Par yield

Blog post description.

FINANCE

5/4/20232 min read

There are a multitude of terms in finance, one such concept is the par yield. Often seen as one of the more difficult ideas within the realm of yield metrics, the par yield is simply a type of yield to maturity. Specifically, it is the yield to maturity that prices a bond at par.

Let's delve into this intricate concept by making some assumptions. For this illustration, we will assume that the face value of the bonds is 100. The crucial input assumption here is the spot rate curve, also known as the zero rate curve. This is a steep curve, exaggerated for our understanding, and is the fundamental building block in academic finance.

The spot rate curve is an upward sloping line, with rates increasing from 3% to 9% over four years. We use this curve to price cash flow instruments. It's worth noting that there's an infinite number of these curves, one for each gradation of risk. The theoretical spot rate curve is often bootstrapped using treasuries to create the zero rate or zero coupon yield curve for riskless instruments.

Corresponding to the spot rate curve are the discount factors. These are the values by which future cash flows are multiplied to determine their present value. For example, with annual compounding, the three-year discount factor is 1 divided by 1 plus the three-year spot rate of 7%, giving us 0.816.

The par yield is one of the yield to maturities. To illustrate, let's consider a 4% coupon bond. This bond pays $4 annually for three years, and in the fourth year, it pays a $4 coupon plus the return of par. We can use the discount factors to price this bond. The sum of the present value of these cash flows is the price of the bond, which in this case is 84.45.

We can also compute the yield, or the yield to maturity. Although there isn't a straightforward formula for this, if you're using Excel, you can use the rate function. For our 4% coupon bond, the yield is 8.78%. This means that we can discount the bond's cash flows at the yield of 8.78% to get the same price of the bond. It's worth noting that all cash flows are discounted at the same yield, unlike the spot rate curve.

The yield is primarily a function of the spot rate curve, but it's also a function of the instrument. So, technically, we could have an infinite number of yields depending on the coupon.
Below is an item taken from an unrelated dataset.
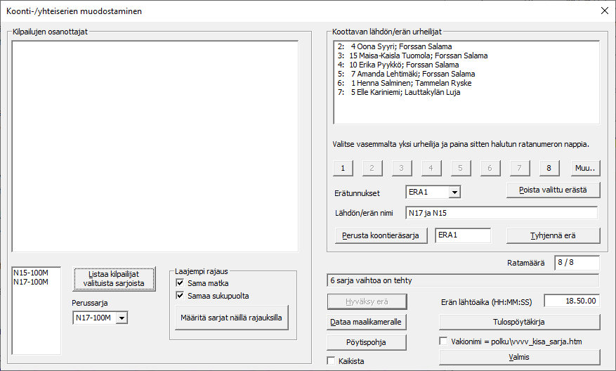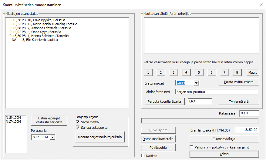 Oikealla on sitten valmis erä. Radat 1 ja 8 näyttää jääneen tyhjiksi. Näytöllä voidaan myös lisätä urheilijoita jo perustettuihin koontieriin tai tai poistaa niistä. Silloin ei erää perusteta, vaan erä valitaan Erätunnukset-listasta. Listassa näkyy teksti ..uusi merkkinä siitä, että nyt koostetaan uutta erää, jolle ei vielä ole perustettu omaa sarjatunnusta. Dataa maalikameralle-nappi tuottaa erästä lisärivejä lif-tiedostoon ja Pöytispohja-nappi tekee samanlaisen tuloskirjauspöytäkirjapohjan kuin kenttälajeissakin. Kun sarjassa on riittävä määrä urheilijoita useampaan erään, eräjaot kannattaa tehdä Muutokset-valikon Eräsarjojen käsittelyn työkaluilla. Perusjako ensin Tilastoajan mukaan alkueriin tai Tilastoajan mukaan välieriin toiminnoilla ja loppukilpailut sitten Jatkoerien käsittely-kohdasta löytyvillä näytöillä. Näitä työkaluja tulen tuunaamaan lisää toiveittenne mukaan.  |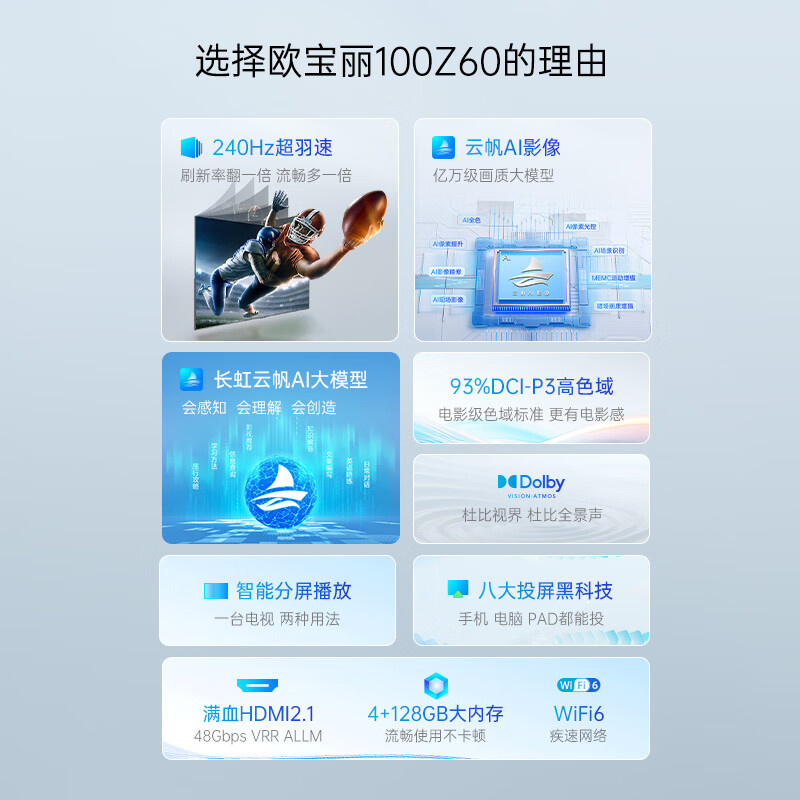 1、家里重新装修,因原来的电视太小,想换个大的,一步到位就选100寸那种,选来选去,对不同品牌同尺寸电视进行了参数对比,此款长虹欧宝丽100z60各方面参数相对较强,到货后使用体验很好,内存大,刷新率高,光感强,色彩细腻,特别是看电影,足球赛,影院即视感非常强,是一款性价比极高的百寸电视,值得购买。

This is why we use a par yield, which is less arbitrary.

The par yield is the one yield to maturity that would price the bond at par, and therefore would also equal the coupon. This is the sweet spot where the yield equals the coupon, and the bond is priced at par. So, when we specify the par yield, we know that it represents the coupon rate that would price the bond at par and would therefore be the same as the yield.

In conclusion, the par yield is an essential tool in bond pricing and yield calculations. By understanding how it's calculated and what it represents, investors and financial professionals can make more informed decisions about the pricing and purchase of bonds. Remember, the par yield is simply the yield to maturity that prices a bond at par, making it an invaluable measure in the complex world of yield metrics.